Our bodies heat and tangle, a new war in miniature, a treaty backdated and signed by sweat and sound and the press of my thighs pinning his sides. I fuck him like I’m erasing every debt, like the only history that survives is the history I choose to write with my body, my voice, my rules.

He begs. I make him. He doesn’t use words—I don’t let him have them—but his eyes are wild, unshuttered. And when he tries to thrust up into me, I squeeze down and don’t let him.

I come again first, sharp, animal, biting at his skin until I draw blood.

It’s never enough. He gives in only when he has to, and I feel the moment he loses, his whole body shuddering as he empties into me, head thrown back against the pillow, throat bared.

I ride out every last tremor. I want to fall apart.

I want to dissolve and stain the sheets and ruin us both.

Instead, I let the world return piece by piece.

My forehead collapses into his chest, breathing him in like a benediction.

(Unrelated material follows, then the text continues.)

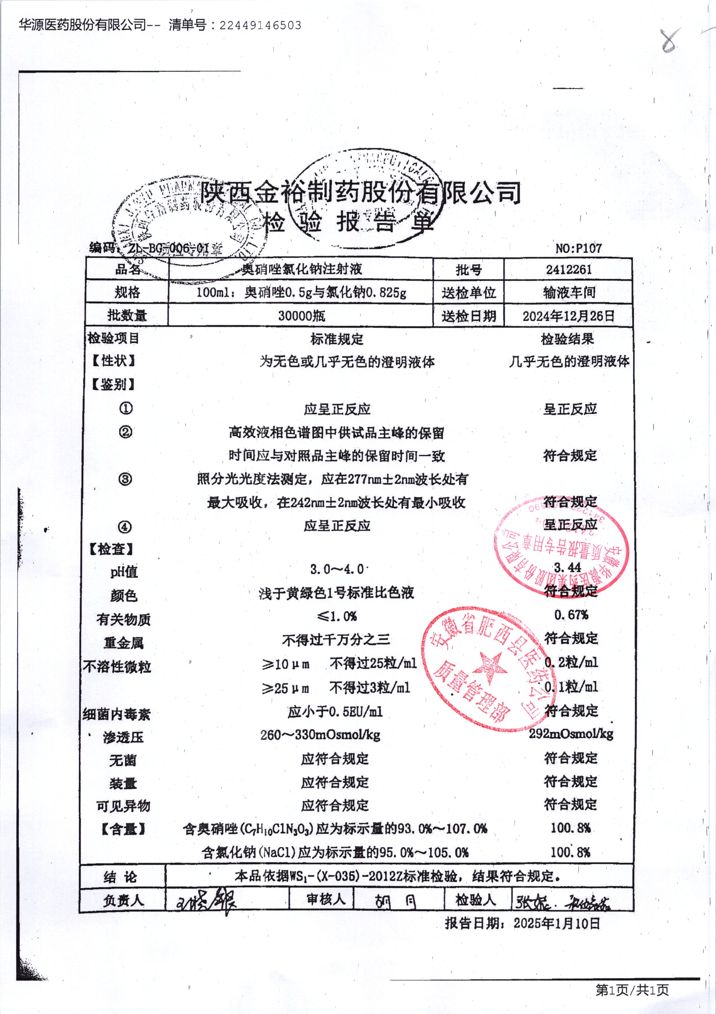奧硝唑氯化鈉注射液 100ml 2412261 查看詳情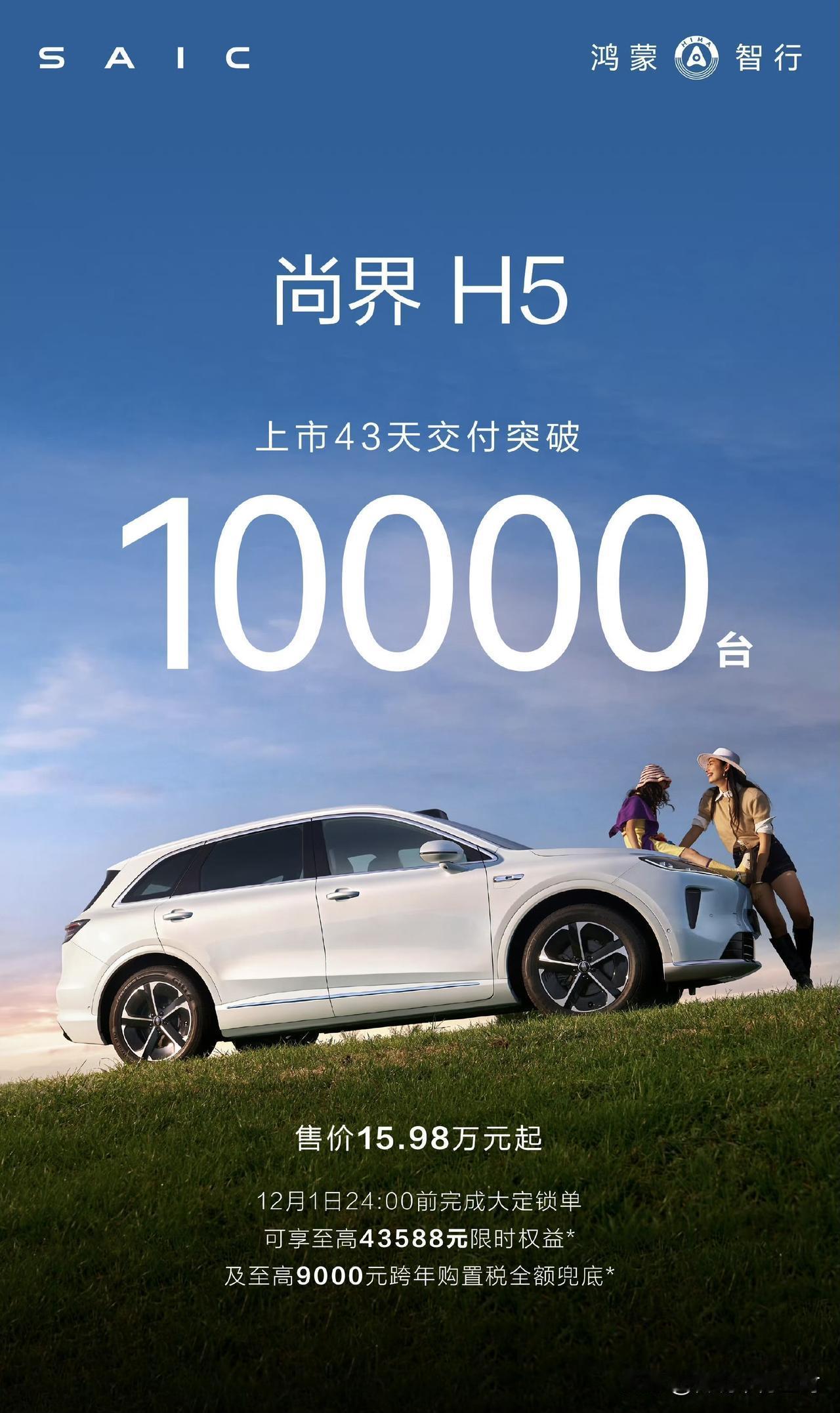 尚界H5终于发交付战报了。 上市43天交付突破10000台。 感觉好像还不错啊,虽然相比上市前十几万的小订数还有不小差距,但就一个全新品牌来说,一个多月交付破一万也还可以。 后续还是要看口碑,如果尚界H5能像问界M系列在35-55万一样,在15-20万价位“通杀”,那这个市场容量可是更大的……

We stay that way for a long moment, wrists tangled, sweat drying on skin, the noise of the house returning like surf at high tide. Lucia’s shrieks filter up the stairs, joined by Sofia’s laughter and the deeper, untranslatable pulse of family. Home.

Alessandro strokes my back, slow, lazy, like he’s not sure whether he’s petting a cat or defusing a bomb. It’s both—always both. I bite his shoulder once more, hard enough that he hisses, but he just cups the back of my head and pushes my face into the hollow of his neck.

“You’re going to be the death of me,” he murmurs.

“Not if I have anything to say about it,” I reply. “I’m going to be the life of you. Even if there are eight exits. Because still, I stay.”